For the First-Year Parent

Megan and Ingrid Buschkopf

Getting started on the right foot.

Successful progress, in anything, but especially on a stringed instrument, can be achieved only through well disciplined and consistent practicing.  Daily practicing is hard work with no shortcuts.  However, with lots of patience, you as a first-year parent can help your child develop technically and musically.

Your role as the teacher at home is very important.  Attendance at all the private and group lessons is crucial. Take notes and feel free to ask questions.  The first lessons set the foundation on which all future learning takes place. Relaxed hands and a good position can be monitored in the daily practice. Don’t hesitate to check for supple hands and fingers.

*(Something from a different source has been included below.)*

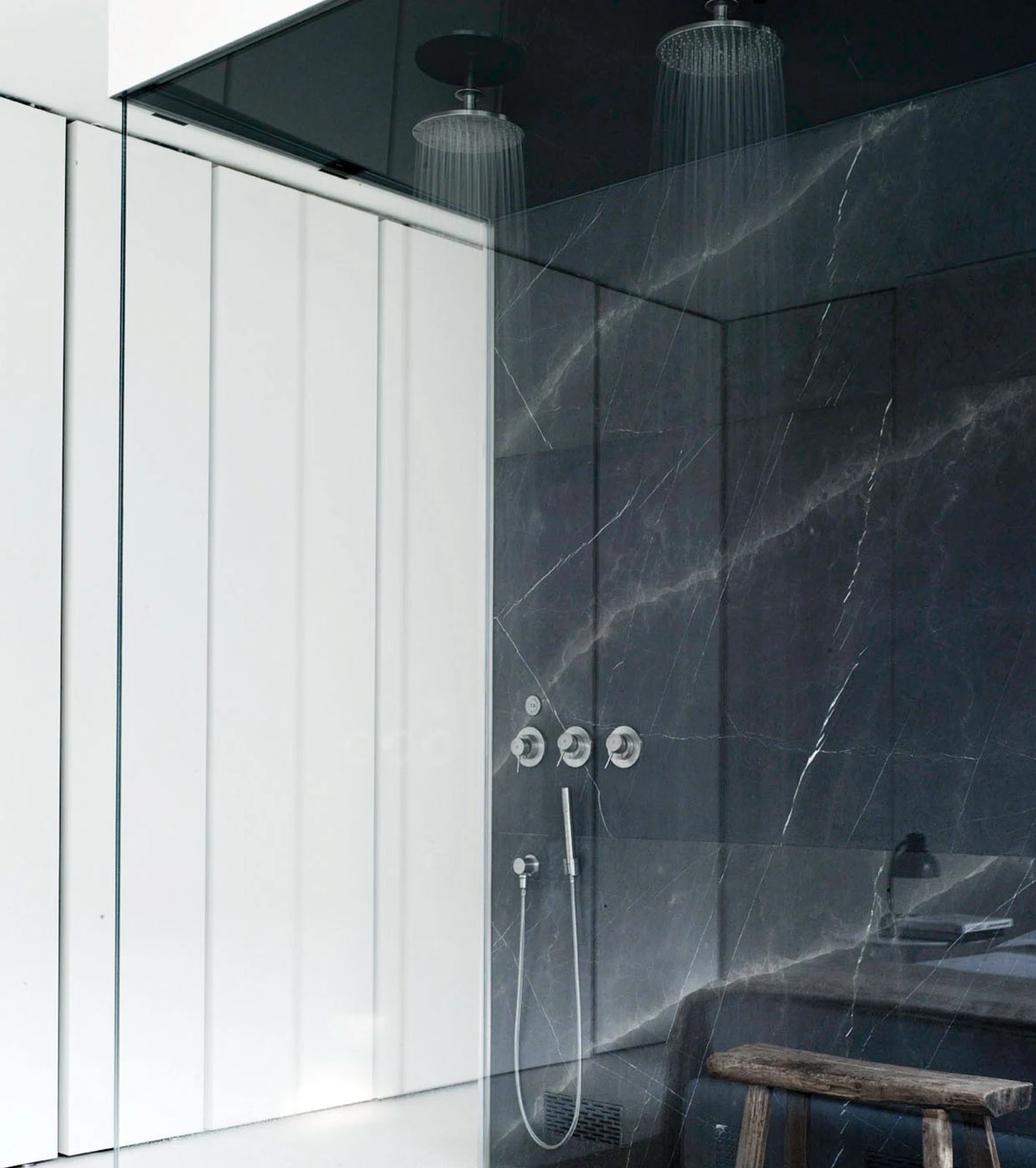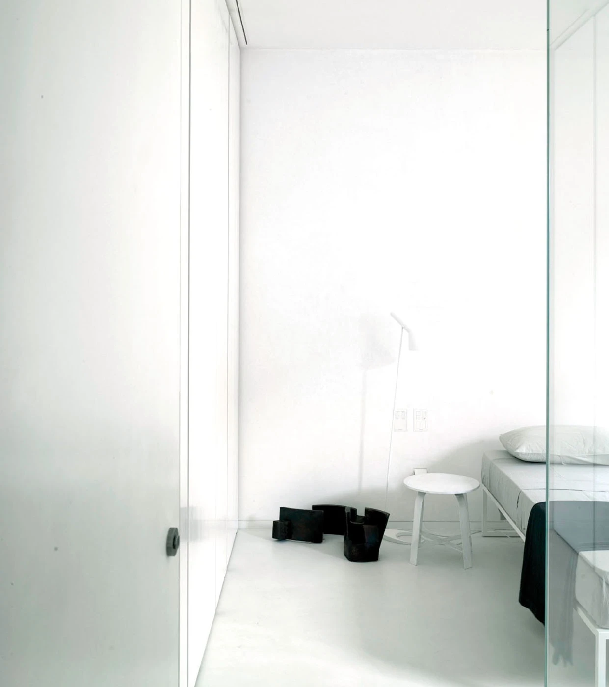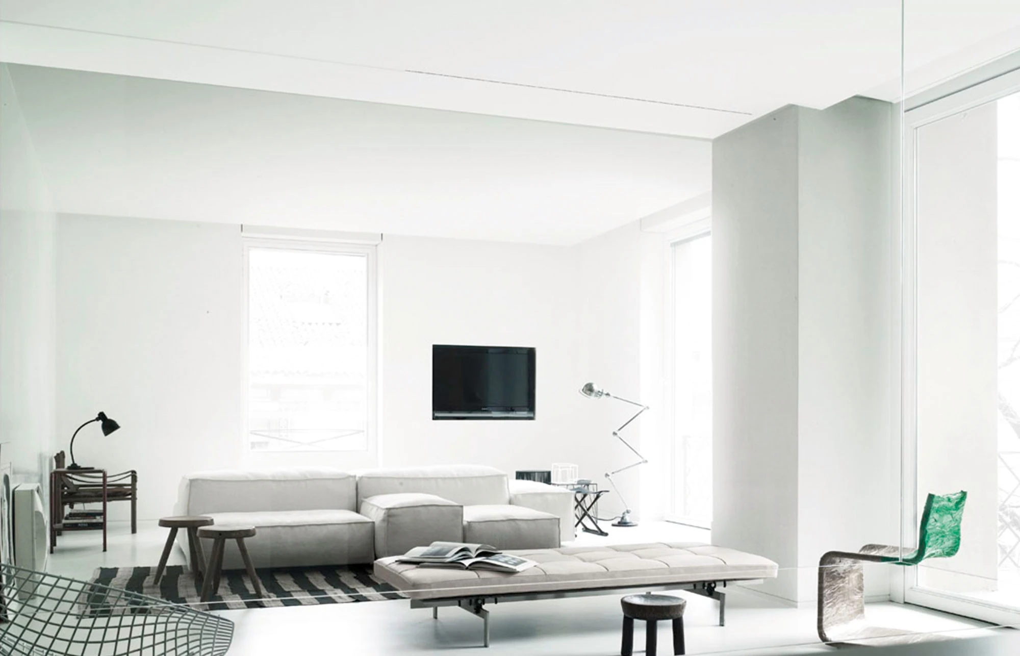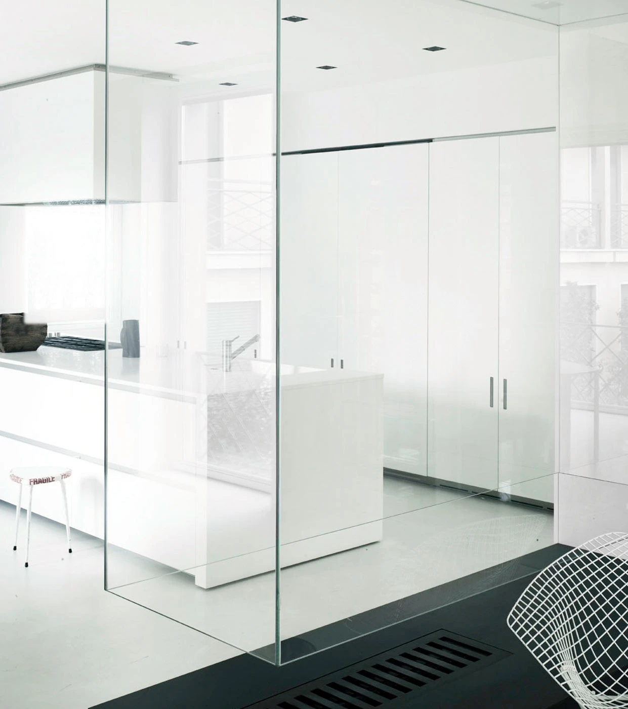 With very modern furniture and well chosen accessories set against an all-white backdrop, this Milanese interior is peaceful, understated and effortlessly chic. Many of the key pieces in the apartment, such as the glass shelving in the entrance, are bespoke handcrafted items designed by Lissoni.

Establish a regular practice time.  Early in the day produces the best results. With young beginners, several shorter daily practice sessions work well.  Gauge the practice session length by the number of repetitions your teacher has required of each task, not by the clock.

Young children’s concentration spans grow from week to week.  Since sound is abstract and thus difficult for young children to recognize its progress, it is perfectly acceptable to reward their work with stickers, a cookie or a short rest after 10 repetitions.  A small chair is handy to have around for this deserved break.

Everyone needs rewards for tasks completed.  The rewards for the young string players are the successful solo and group performances.  Patience, creativity, and networking with other parents leads to opening the wonderful world of music.